Вот когда мои волосы действительно встали дыбом! Эта штука визжала в воздухе, словно снаряд от двенадцатидюймовой пушки. Коробка приземлилась на другой стороне дороги. Ночь была угольно-черной, и я не видел самого падения, но знаю, что коробка опустилась за пределами дороги. Окно расположено непосредственно над парадной дверью, откуда примерно пятнадцать ярдов до забора, а сама дорога шириной в десять ярдов. За ней раскинулась массивная живая изгородь, вдоль которой тянется луг, окружающий дом священника.

Более я не спал той ночью. Примерно через полчаса после того, как я вышвырнул шляпную коробку, снаружи вдруг раздался пронзительный крик – вроде того, что уже случился этой ночью, но гораздо сильнее, более отчаянный, если позволите.
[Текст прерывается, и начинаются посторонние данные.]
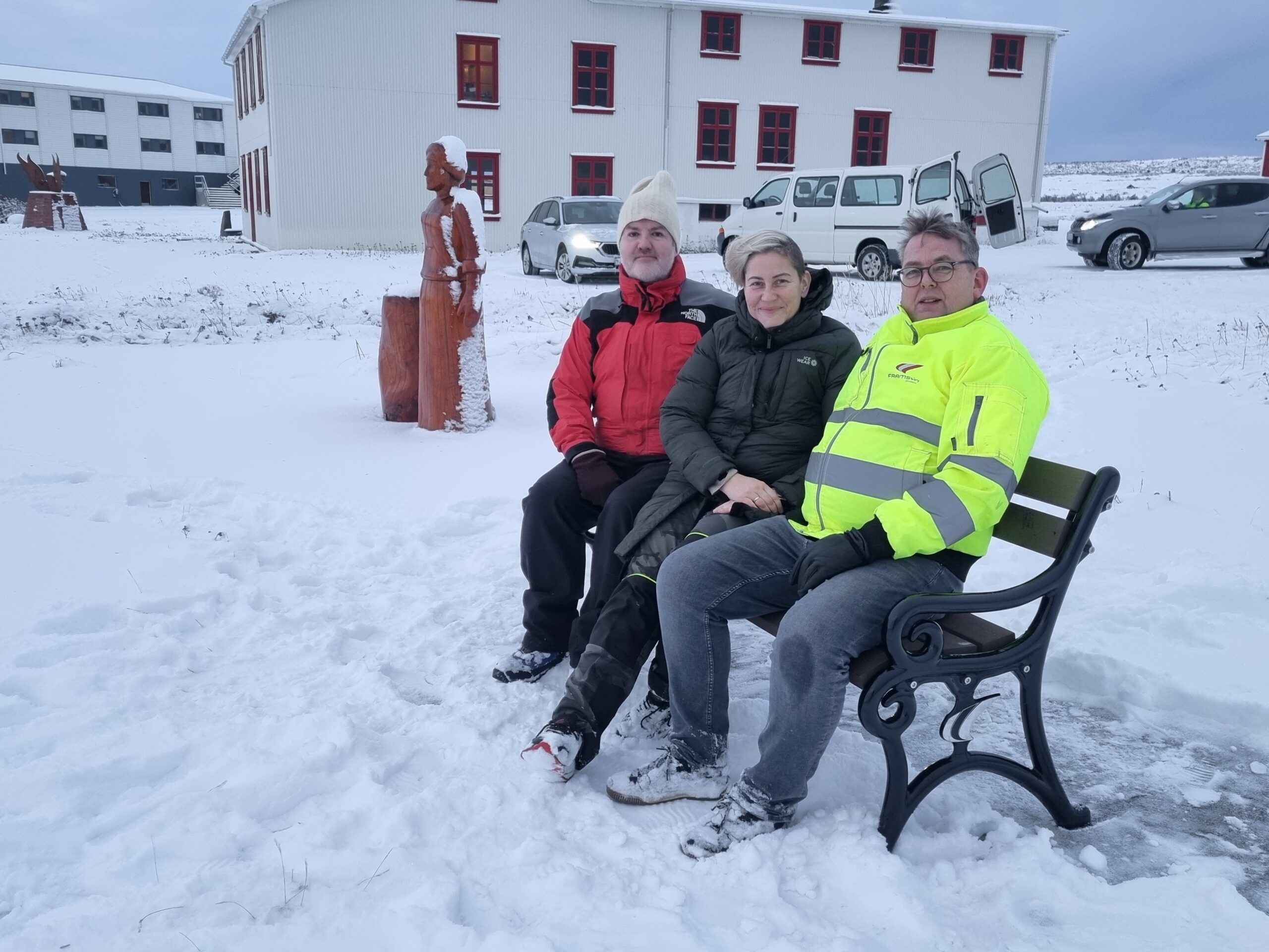 Starfsmenn SSNE og Norðurþings, þau Nanna Steina Höskuldsdóttir og Einar Ingi Einarsson hjálpuðu starfsmönnum Framsýnar við að ganga frá bekknum á Raufarhöfn en þar verður hann við listaverkið Síldarstúlkuna við höfnina. Á Meðfylgjandi mynd má sjá Nönnu og Einar Inga á bekknum ásamt formanni Framsýnar, Aðalsteini Árna. Nanna og Einar Ingi þökkuðu Framsýn kærlega fyrir gjöfina. Ekki tókst að ganga endanlega frá bekknum á Kópaskeri þar sem finna þarf honum stað svo hann njóti sín sem best. Heimamenn á Kópaskeri tóku að sér að finna viðeigandi stað fyrir bekkinn. Síðan á eftir að koma fyrir bekkjum í Flatey á Skjálfanda og í Túngulendingu á Tjörnesi. Það verður gert við fyrsta tækifæri.

Возможно, это был лишь плод моего воображения, но я мог поклясться, что крики подбирались все ближе и ближе. Я закурил трубку, походил немного взад-вперед, а потом схватил книгу и принялся читать. Однако можете казнить меня, но я не вспомню не только о чем читал, но и что это была за книга, поскольку ночную тишину то и дело разрезал пронзительный вопль, от которого покойник бы перевернулся в гробу.

Незадолго до рассвета кто-то постучал в дверь. С чем-то иным стук я спутать не мог. Открыв окно, я посмотрел вниз. Тогда я решил, что кому-то, кто не знал, что в дом Люка въехал новый человек, потребовался врач. После тех ужасных звуков услышать обычный стук в дверь было настоящим облегчением.

Сверху входную дверь невозможно увидеть из-за карниза, нависающего над крыльцом. Стук раздался вновь, и я крикнул, спрашивая, кто там, но ответа не последовало, а стук повторился. Я снова отозвался и прокричал, что врач больше здесь не живет. Опять не последовало никакого ответа, но мне пришло в голову, что это может быть какой-то старый крестьянин, который к тому же совершенно глух. Итак, я взял свечу и направился вниз, чтобы открыть дверь. Честное слово, в тот момент я не думал о той штуковине и почти забыл недавние вопли. Я спустился вниз, будучи убежден, что найду кого-нибудь снаружи, на пороге, с неким сообщением. Я установил свечу на столе в прихожей, дабы ветер не задул пламя, когда я открою дверь. Пока я возился, пытаясь отодвинуть старомодный засов, стук раздался вновь. Это был негромкий, подозрительно глухой звук. Я хорошо это помню, но в тот миг, конечно, думал, что стучит человек, который хочет попасть внутрь.